Biography Auguste MOREAU (1834-1917)
Auguste MOREAU belongs to the Moreau family, a dynasty of 19th and early 20th century sculptors. He is the son of Jean-Baptiste-Louis-Joseph Moreau and the younger brother of sculptors Hippolyte Moreau and Mathurin Moreau.
While his parents ran a café-guinguette, Le Salon de Mars in Saint-Saulve, the young Auguste was indistinguishable from the children of the village and was a dull schoolboy. He meets Auguste Meurice, a painter and decorator from Valenciennes who frequents his parents' establishment and befriends him. By this frequentation, he made the acquaintance of several students of the Academy of painting of Valenciennes and around 16 years old enrolled in the Academy. He follows the courses of Julien Poitier. He executed portraits of his entourage and of the villagers that he managed to sell, first at affordable prices, then better and better, and obtained a few commissions for religious subjects for the churches of the region. He perfected himself through practice and became a sought-after local painter. From 1872, he sent paintings to the Salon des arts valenciennes and was elected a member of the Society of Agriculture, Sciences and Arts of Valenciennes. In 1873, he made his first shipment to the Paris Salon; he will then be present there almost every year but will not win any prizes. Until 1880, he signed his paintings "Auguste Moreau", he then added the name of his wife "Deschanvres" to avoid confusion with namesakes. In 1902, he obtained an important commission for a series of portraits of the archbishops of Cambrai1.

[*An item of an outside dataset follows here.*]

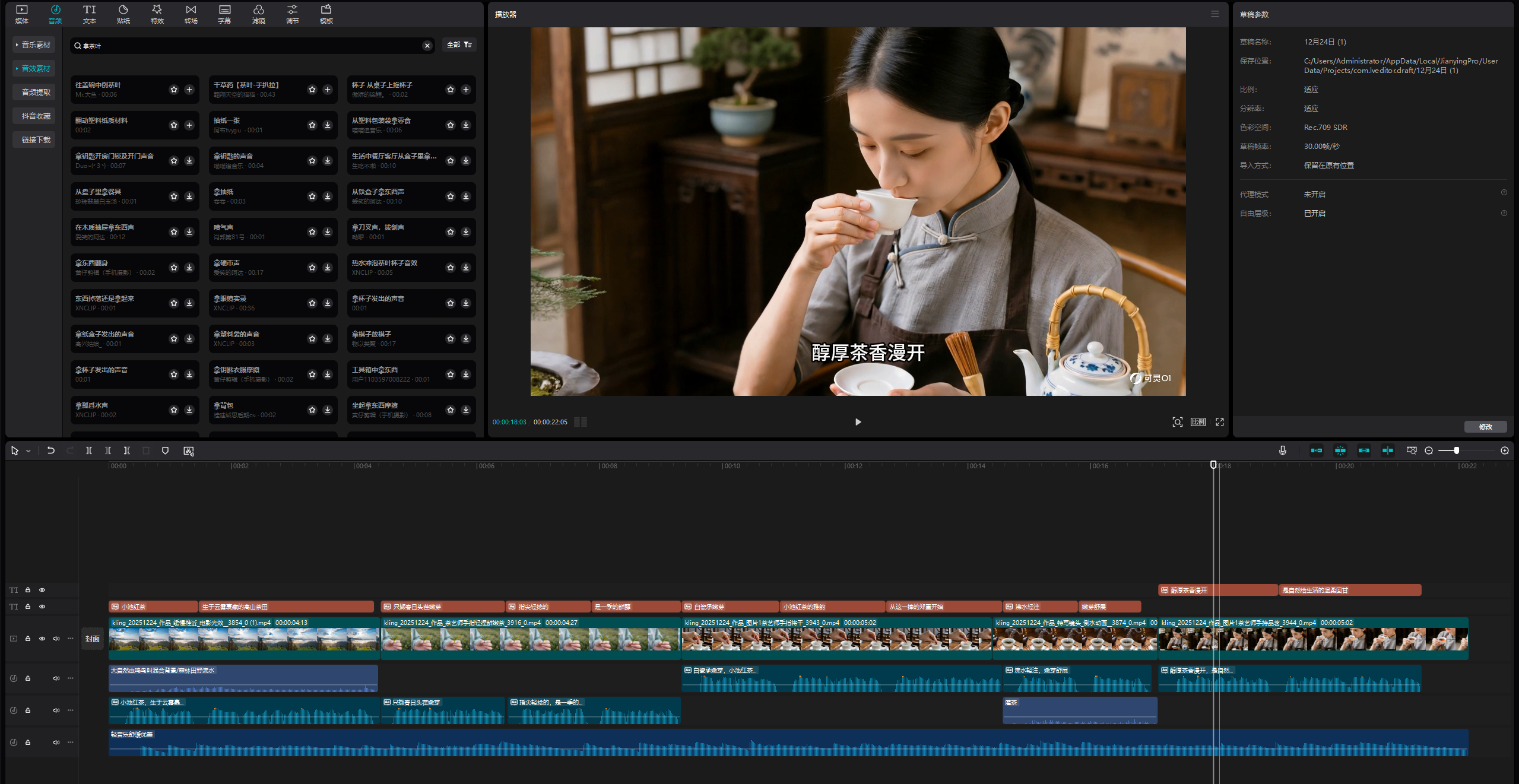 - 环境音:添加「倒水声」「瓷器碰撞声」「鸟鸣声」(对应镜头插入,增强代入感);

He was made a pontifical knight in the order of Saint-Grégoire-le-Grand, no doubt in recognition of the numerous portraits he made of the dignitaries of the Catholic Church of the North. Genre painter and portrait painter, Auguste Moreau-Deschanvres never left his native region where he had found all his inspiration.
Shortly after his death, from March 23 to April 6, 1913, 150 paintings and drawings were exhibited in his studio and put up for sale.
Susse Frères Foundry
The two Susse brothers, Nicolas and Victor, began by marketing small bronzes in their paper mill in the Passage des Panoramas in Paris. We find traces of their new activity as art founders in 1839, they publish a small catalog of their production. It was their first major contract with a renowned sculptor, James Pradier, who launched their business in 1841. In 1847, they use the Collas-Sauvage reduction process which allows the realization of small bronzes of furniture, reproducing famous works Under the Second Empire, the house prospers thanks to many artists supplementing its catalog. Nicolas and Victor having died, it was Albert Susse who continued the activity, relying on two sales outlets in Paris. A third opened in the 1900s at no. 13 boulevard de la Madeleine. The Susse house then had the exclusivity of artists such as Pierre-Jules Mêne, Auguste Cain, Pierre-Nicolas Tourgueneff, Evgueni Alexandrovitch Lanceray, and also published Louis-Ernest Barrias, Jules Dalou, Alexandre Falguière or Mathurin Moreau. Susse frères also publishes in marble works by Jules Dalou by Jean-Baptiste Carpeaux.